1. Highly formatted title page.

2. Abstract. Single paragraph double spaced with no indentation describing in one paragraph (250 words or so) an educational problem you've encountered and the solutions to it you are proposing.

3. Title again. Headings must be centered and bolded using upper and lower case letters. Text below must be double spaced with indented first line. Provide a brief overview of your project including a) (fake) school, b) problem, c) intervention, d) target audience, e) purpose or goal, f) your role in the project. Close by describing how this deliverable is divided into 3 sections: Planning, Implementation, and Evaluation.

4. New page. Planning. State the problem... AGAIN. Include the following: 1. Problem (YET AGAIN) in one sentence. 2. How it manifests itself 3. Evidence to support claims of the problem (how is this different from number 2?) 4. Scope and significance of the problem. 5. With whom and how you collaborated in identifying the problem. 6. Potential consequences if the problem is not addressed.

Now here we get into the problem of what should be REAL and what should be MADE UP. I think the best way to do this would be to use your current teaching situation and write about ACTUAL problems and interventions but use no specific names or information so as to give the appearance of secondary rather than primary research. See how Mickey Mouse this is? I don't know why they don't just let us write a thesis. Do some research and write a paper   ---   like the format EVERY SINGLE ONE of the previous 11 courses has taken!!! My theory is that they needed to publish lots of papers written by students in order to better qualify for regional accreditation. But they HAVE ACHIEVED that and it's nothing to sneeze at. Same accreditation body as Berkeley and Stanford.

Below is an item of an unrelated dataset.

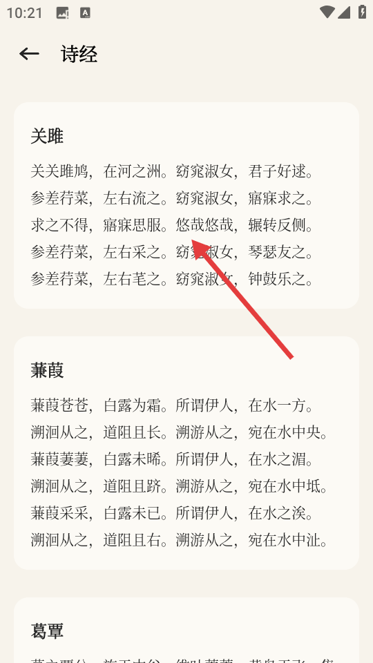 3、在诗经篇目列表中,选择想要查看的篇目,如《关雎》。
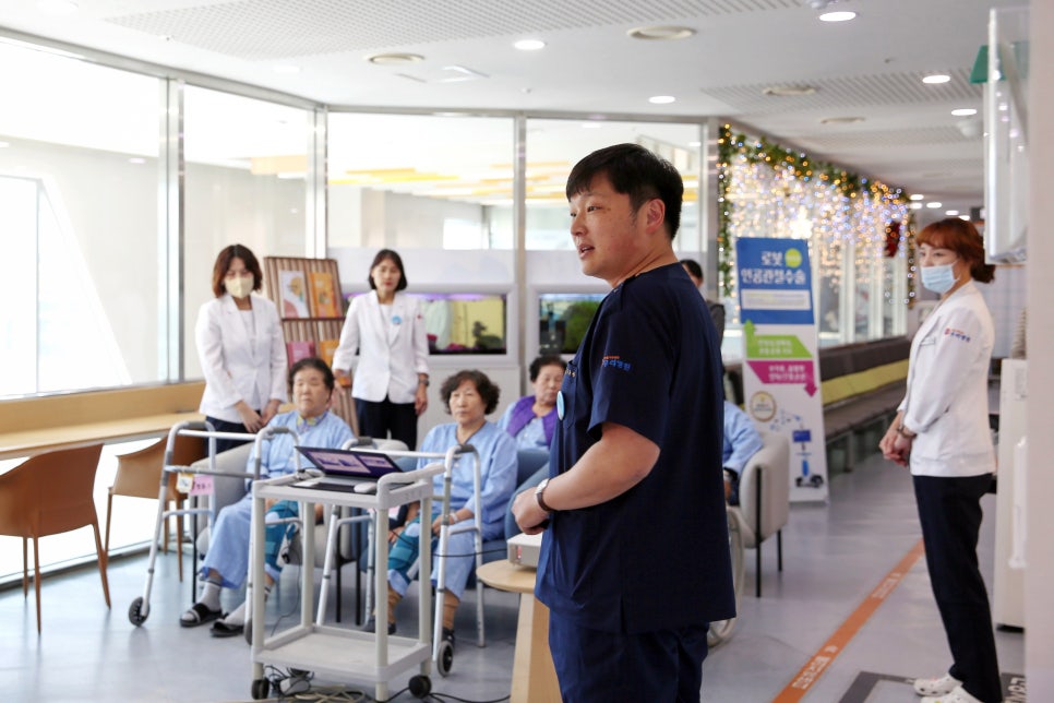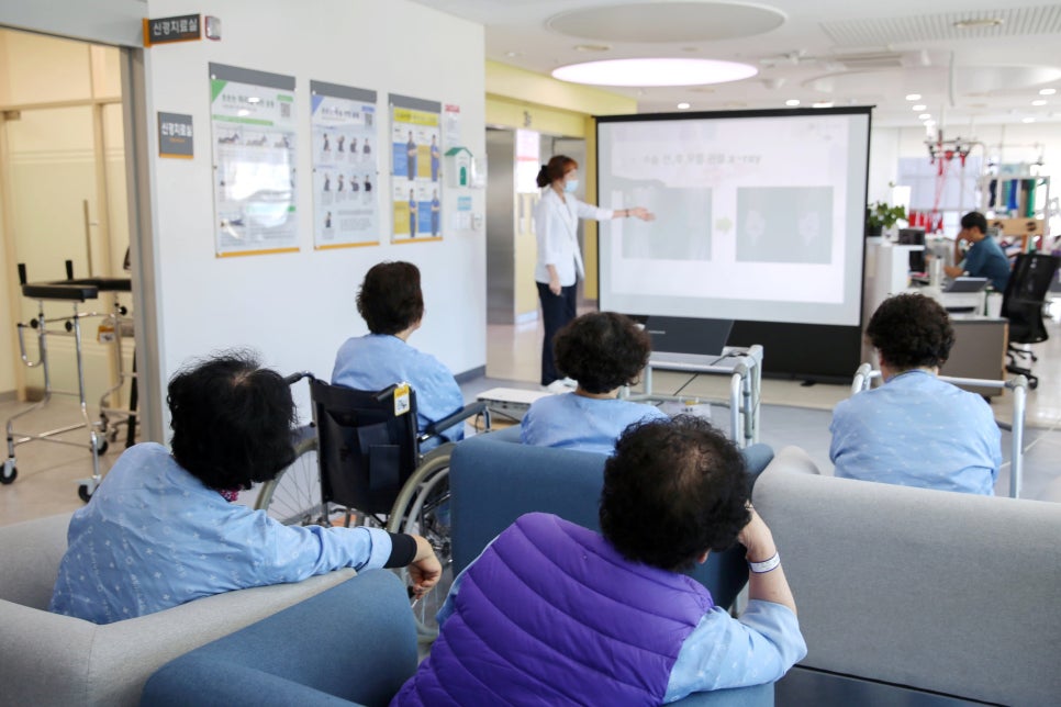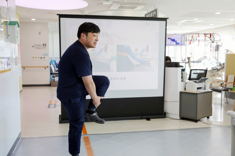 인공관절 수술 후 기능 회복을 위한 다양한 운동법을 직접 보여드리며, 환자분들이 함께 따라하는 시간을 가졌는데요. 개인에 맞는 적절한 강도로 재활운동을 열심히 해주셔야 회복이 빠르며, 일상생활로의 복귀도 앞당겨지게 됩니다.

So why not just abandon this bullshit and let us write theses? Your guess is as good as mine.

Oh we're far from finished. Organizational Context with a list of details including collaboration genuine or fabricated I don't know, history of this problem in other places YES this means I have to do research so despite having to describe the uniqueness of my project, I have to include past research showing how NON-unique it is. Causes of the problem AGAIN, and possible barriers or challenges.

Intervention. Describe for the fifth time what you are doing only this time they suggest a table, graph or other visual. 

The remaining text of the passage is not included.